== Dataset records ==

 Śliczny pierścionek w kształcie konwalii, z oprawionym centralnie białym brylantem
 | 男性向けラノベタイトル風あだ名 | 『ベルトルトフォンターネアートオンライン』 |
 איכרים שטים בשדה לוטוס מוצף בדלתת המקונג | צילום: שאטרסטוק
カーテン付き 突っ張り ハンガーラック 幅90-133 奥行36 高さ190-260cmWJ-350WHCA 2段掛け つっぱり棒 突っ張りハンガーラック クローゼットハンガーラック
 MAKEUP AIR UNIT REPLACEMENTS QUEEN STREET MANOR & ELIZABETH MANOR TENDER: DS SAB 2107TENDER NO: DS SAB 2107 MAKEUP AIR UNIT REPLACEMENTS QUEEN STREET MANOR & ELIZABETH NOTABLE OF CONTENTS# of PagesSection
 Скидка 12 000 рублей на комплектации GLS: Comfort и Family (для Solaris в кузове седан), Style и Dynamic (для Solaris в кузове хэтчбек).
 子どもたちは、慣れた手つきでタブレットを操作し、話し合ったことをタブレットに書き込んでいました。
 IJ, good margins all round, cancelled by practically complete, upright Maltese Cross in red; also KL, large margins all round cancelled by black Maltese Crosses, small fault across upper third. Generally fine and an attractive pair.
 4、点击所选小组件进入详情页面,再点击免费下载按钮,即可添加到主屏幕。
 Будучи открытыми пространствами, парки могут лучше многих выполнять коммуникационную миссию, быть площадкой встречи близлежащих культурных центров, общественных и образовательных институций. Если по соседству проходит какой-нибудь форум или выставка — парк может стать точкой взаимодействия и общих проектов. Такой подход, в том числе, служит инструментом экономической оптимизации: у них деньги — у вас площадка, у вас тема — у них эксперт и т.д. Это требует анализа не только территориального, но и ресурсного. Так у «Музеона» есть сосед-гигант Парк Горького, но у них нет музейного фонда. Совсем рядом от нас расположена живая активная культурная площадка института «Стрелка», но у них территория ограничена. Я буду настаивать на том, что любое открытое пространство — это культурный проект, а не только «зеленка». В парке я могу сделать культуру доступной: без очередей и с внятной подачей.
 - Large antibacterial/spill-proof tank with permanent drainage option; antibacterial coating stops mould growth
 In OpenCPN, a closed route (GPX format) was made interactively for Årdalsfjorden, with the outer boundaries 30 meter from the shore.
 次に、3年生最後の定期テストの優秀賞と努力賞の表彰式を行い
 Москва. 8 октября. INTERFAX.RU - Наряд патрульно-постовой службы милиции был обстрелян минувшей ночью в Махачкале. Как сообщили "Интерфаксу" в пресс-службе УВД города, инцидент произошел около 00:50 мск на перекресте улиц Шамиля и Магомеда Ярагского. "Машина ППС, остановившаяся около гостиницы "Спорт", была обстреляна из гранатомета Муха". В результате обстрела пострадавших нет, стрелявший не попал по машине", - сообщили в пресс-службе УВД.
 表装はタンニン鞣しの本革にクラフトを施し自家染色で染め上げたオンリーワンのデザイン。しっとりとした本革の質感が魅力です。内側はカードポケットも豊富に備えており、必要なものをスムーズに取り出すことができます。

===

* Problem details
The first line of the entries, the line with "4、点击所选小组件进入详情页面,再点击免费下载按钮,即可添加到主屏幕。", and every line between them should be retyped exactly, and nothing else.

* Exercise solution
 Śliczny pierścionek w kształcie konwalii, z oprawionym centralnie białym brylantem
 | 男性向けラノベタイトル風あだ名 | 『ベルトルトフォンターネアートオンライン』 |
 איכרים שטים בשדה לוטוס מוצף בדלתת המקונג | צילום: שאטרסטוק
カーテン付き 突っ張り ハンガーラック 幅90-133 奥行36 高さ190-260cmWJ-350WHCA 2段掛け つっぱり棒 突っ張りハンガーラック クローゼットハンガーラック
 MAKEUP AIR UNIT REPLACEMENTS QUEEN STREET MANOR & ELIZABETH MANOR TENDER: DS SAB 2107TENDER NO: DS SAB 2107 MAKEUP AIR UNIT REPLACEMENTS QUEEN STREET MANOR & ELIZABETH NOTABLE OF CONTENTS# of PagesSection
 Скидка 12 000 рублей на комплектации GLS: Comfort и Family (для Solaris в кузове седан), Style и Dynamic (для Solaris в кузове хэтчбек).
 子どもたちは、慣れた手つきでタブレットを操作し、話し合ったことをタブレットに書き込んでいました。
 IJ, good margins all round, cancelled by practically complete, upright Maltese Cross in red; also KL, large margins all round cancelled by black Maltese Crosses, small fault across upper third. Generally fine and an attractive pair.
 4、点击所选小组件进入详情页面,再点击免费下载按钮,即可添加到主屏幕。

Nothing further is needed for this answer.